* [Your objective] All the entries need to be duplicated exactly, with the pictures omitted.

* [Items from a dataset]
· · · · ·
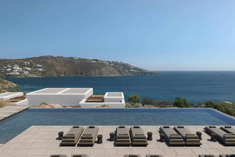 - 240 м2 + терраса 300 м2. Трехуровневая вилла состоит из трех спален (две с кроватью king-size и одна – с двумя кроватями), гостиной, обеденной зоны, полностью оборудованной кухни с винным холодильником, тренажерного зала, гардеробных, трех ванных комнат (две с ванной и душем), душа на открытом воздухе, просторной террасы с подогреваемым бассейном, зонами отдыха, обеденной зоной и панорамным видом на море, остров Делос и закат. Максимальное размещение – 6 взрослых. Гостям виллы предоставляются услуги дворецкого.
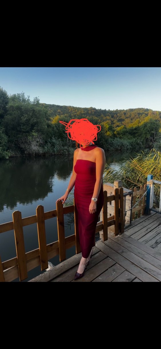 Koyu kırmızı renkte, straplez ve vücuda oturan uzun elbise, drapeli tasarımlı. Boyun fuları ve eldivenleri de mevcut Sadece 1 kere giyildi temizlenip gönderilecektir
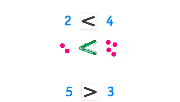 Imagen que muestra los símbolos menor que, mayor que e igual que, de forma pictórica y simbólica
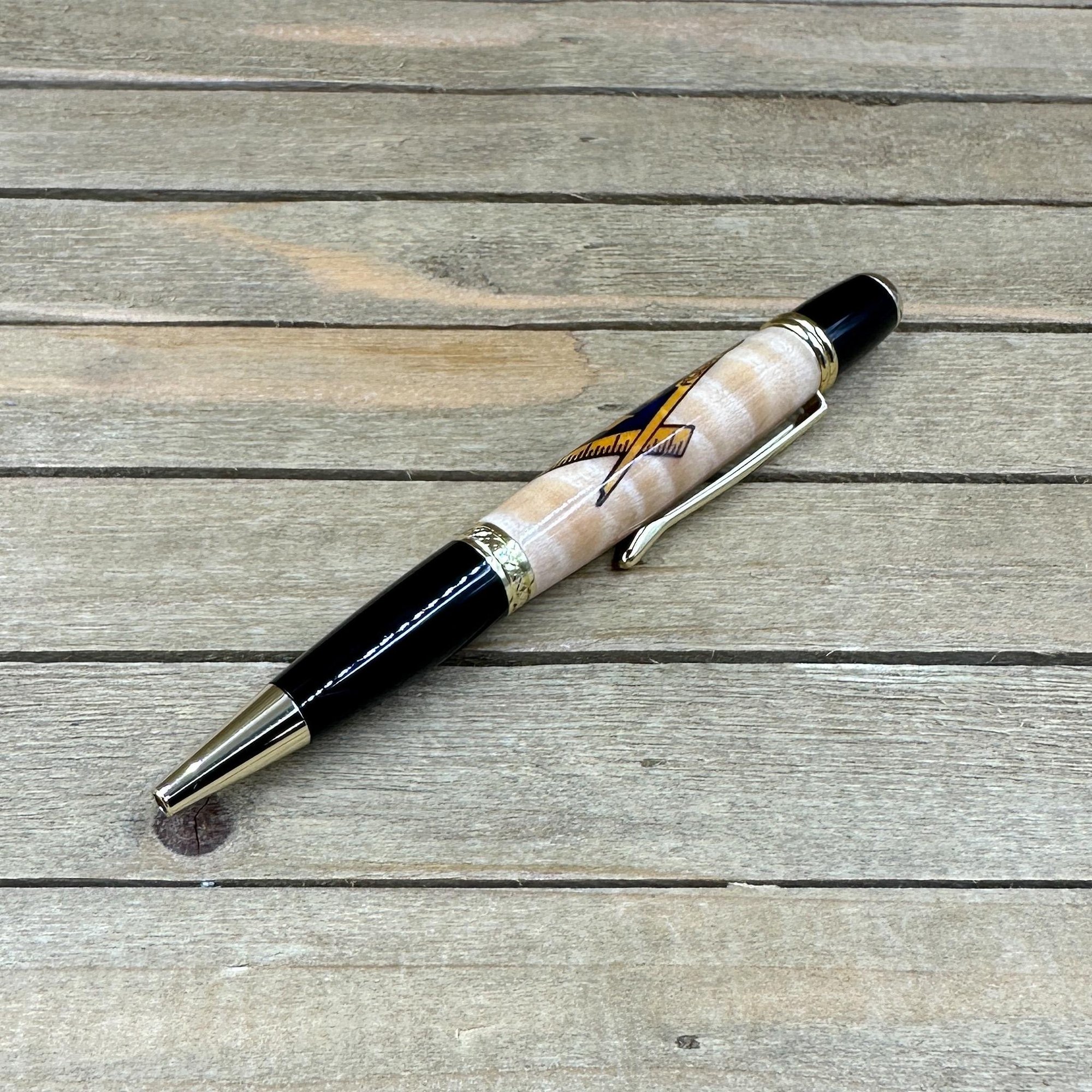 Mason Square and Compass Image on Curly Maple Wood Ballpoint Pen
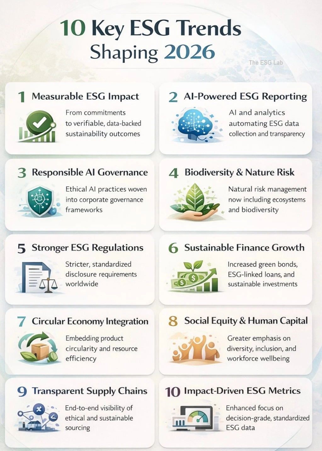 Together, these trends signal a clear shift: ESG in 2026 will be about credibility, integration, and real-world impact—not narratives.
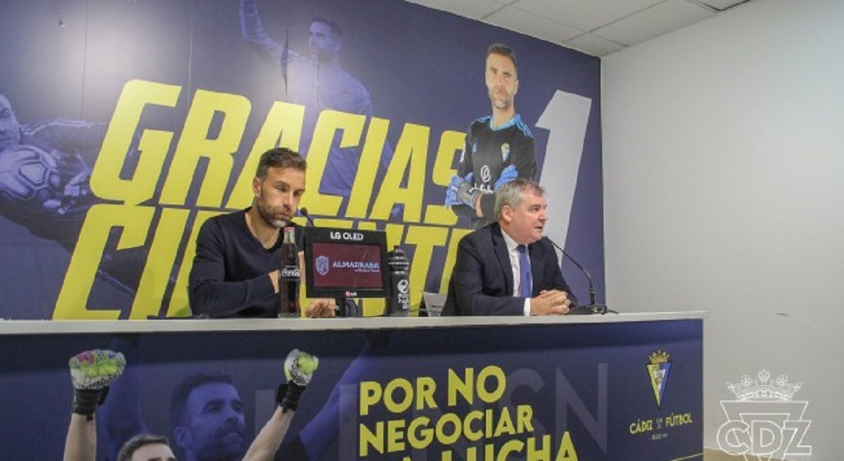La sala de prensa de la Ciudad Deportiva del Cádiz ha acogido una rueda de prensa telemática de despedida como futbolista de Alberto Cifuentes. El guardameta colgaba sus guantes y, en una emotiva comparecencia, se despidió de su etapa como jugador acompañado por el presidente de la entidad, Manuel Vizcaíno.
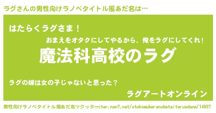 | ヘコむあだ名 | 『ラグにゅー』『ラグっちょ』 |
· · · · ·
* [Response box]
 - 240 м2 + терраса 300 м2. Трехуровневая вилла состоит из трех спален (две с кроватью king-size и одна – с двумя кроватями), гостиной, обеденной зоны, полностью оборудованной кухни с винным холодильником, тренажерного зала, гардеробных, трех ванных комнат (две с ванной и душем), душа на открытом воздухе, просторной террасы с подогреваемым бассейном, зонами отдыха, обеденной зоной и панорамным видом на море, остров Делос и закат. Максимальное размещение – 6 взрослых. Гостям виллы предоставляются услуги дворецкого.
 Koyu kırmızı renkte, straplez ve vücuda oturan uzun elbise, drapeli tasarımlı. Boyun fuları ve eldivenleri de mevcut Sadece 1 kere giyildi temizlenip gönderilecektir
 Imagen que muestra los símbolos menor que, mayor que e igual que, de forma pictórica y simbólica
 Mason Square and Compass Image on Curly Maple Wood Ballpoint Pen
 Together, these trends signal a clear shift: ESG in 2026 will be about credibility, integration, and real-world impact—not narratives.
La sala de prensa de la Ciudad Deportiva del Cádiz ha acogido una rueda de prensa telemática de despedida como futbolista de Alberto Cifuentes. El guardameta colgaba sus guantes y, en una emotiva comparecencia, se despidió de su etapa como jugador acompañado por el presidente de la entidad, Manuel Vizcaíno.
 | ヘコむあだ名 | 『ラグにゅー』『ラグっちょ』 |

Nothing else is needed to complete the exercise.